Local reporters often pay the highest price. Nearly nine out of ten journalists killed around the world report on issues in their own communities. And sadly, impunity prevails – almost nine out of ten journalist murders go unpunished. Because of these terrible statistics, self-censorship is common in many countries. It takes bravery and commitment to report on corruption.
Writing about the truth
Latin America is currently suffering an epidemic of journalist killings. One of the most hard-hit countries is Mexico, where more than 40 journalists have been killed or disappeared since 2006. Only last weekend the body of another Mexican journalist was found beaten and strangled.
Regina Martínez Pérez was known for her reporting on the links between government officials and organised crime. One of her colleagues remarked, “Regina would always write about one-third more of the real truth than I dared to do in any story we covered. And I write more than most reporters”.

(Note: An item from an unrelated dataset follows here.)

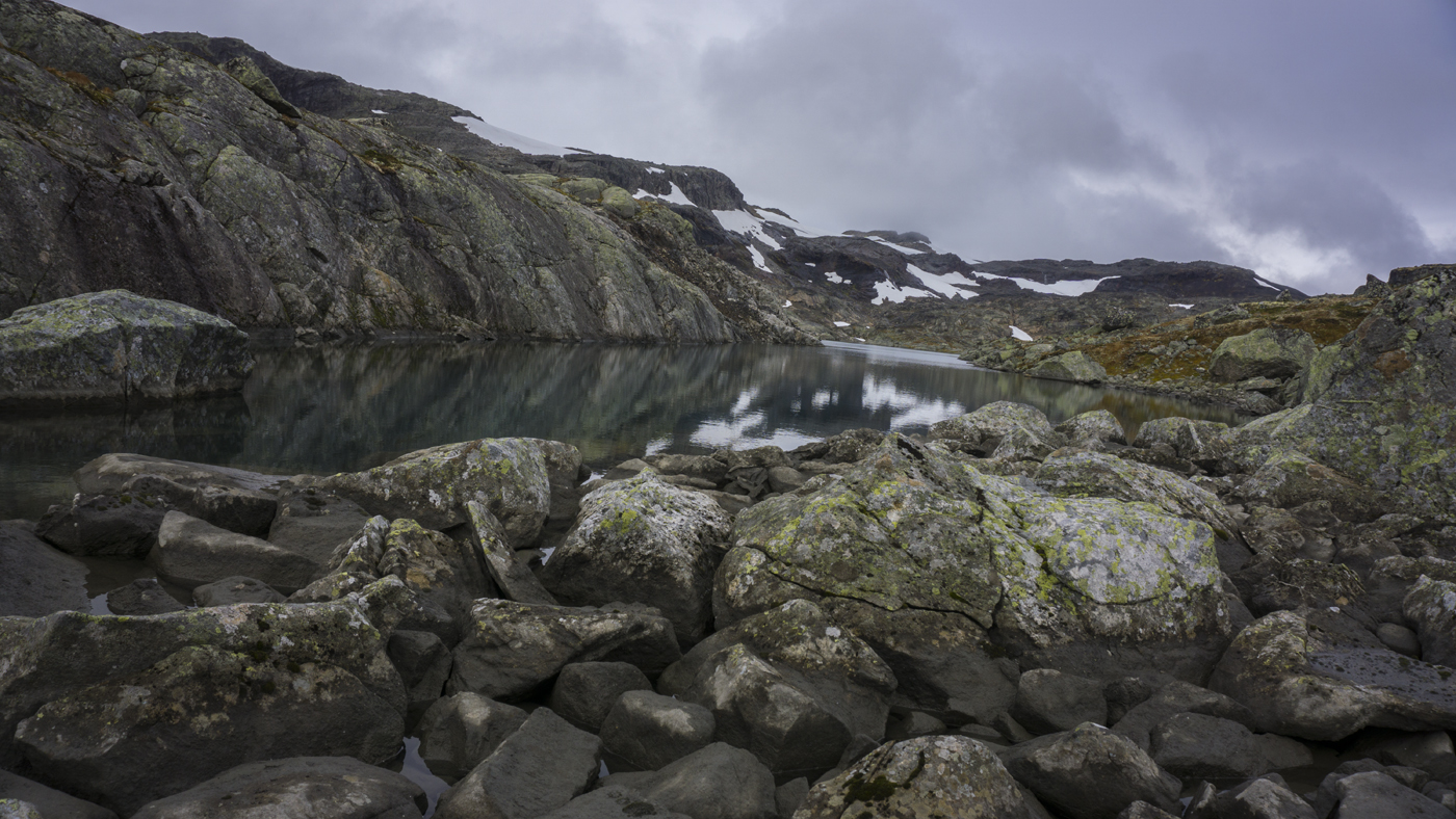 Wir laufen entlang des Skåltjørna und müssen an dessen Ende über den Ablauf eines Sees bestehend aus Felsblöken steigen. Der Weg geht schon wieder gut los. Denn das Gestein ist so glatt wie Schmierseife und ein ordentlicher Weg durch dieses Gesteinsfeld lässt sich auch nur schwer erraten. Dementsprechend dauert es ein wenig bis wir dort hindurch sind. Dann heißt es wieder einen steilen Anstieg zu erklimmen. Der Weg haut ganz schön rein und ist durch den Regen der letzten Nacht gut durchgeweicht.

It is essential that crimes against the press are fully investigated in order to end impunity and allow justice to take hold in the country.
Working with journalists
Transparency International supports and promotes a free and responsible press to seek accountability, to stop perpetrators from acting with impunity and to promote the transparency that empowers citizens to make informed decisions.
Together with our chapters around the world we encourage, train and collaborate with journalists working on anti-corruption issues. We also seek to recognise journalistic excellence.
The annual Transparency International and Instituto Prensa y Sociedad (Press and Society Institute) Journalism Award, worth US$ 30,000, recognises outstanding investigative journalism in Latin American or Caribbean media. Last year’s first prize was awarded to four Brazilian journalists for their exposé on the diversion of public funds.
During the Latin American Investigative Journalism Conference last year, a new initiative was launched to support investigative journalists’ work against corruption by offering up to 20 scholarships for journalists to travel to the 15th International Anti-Corruption Conference in Brazil this year. During the conference, the journalists will gain valuable insights into how to conduct investigations on themes of great complexity ranging from climate governance and the global financial system to illicit trafficking.
A strong alliance between the media and civil society organisations boosts the watchdog functions of both for the public good, and keeps accountability and transparency high on the world’s agenda. By working together, leaders in both fields provide in-depth knowledge to people around the world about ways in which corruption is affecting them directly and how to join the fight against it.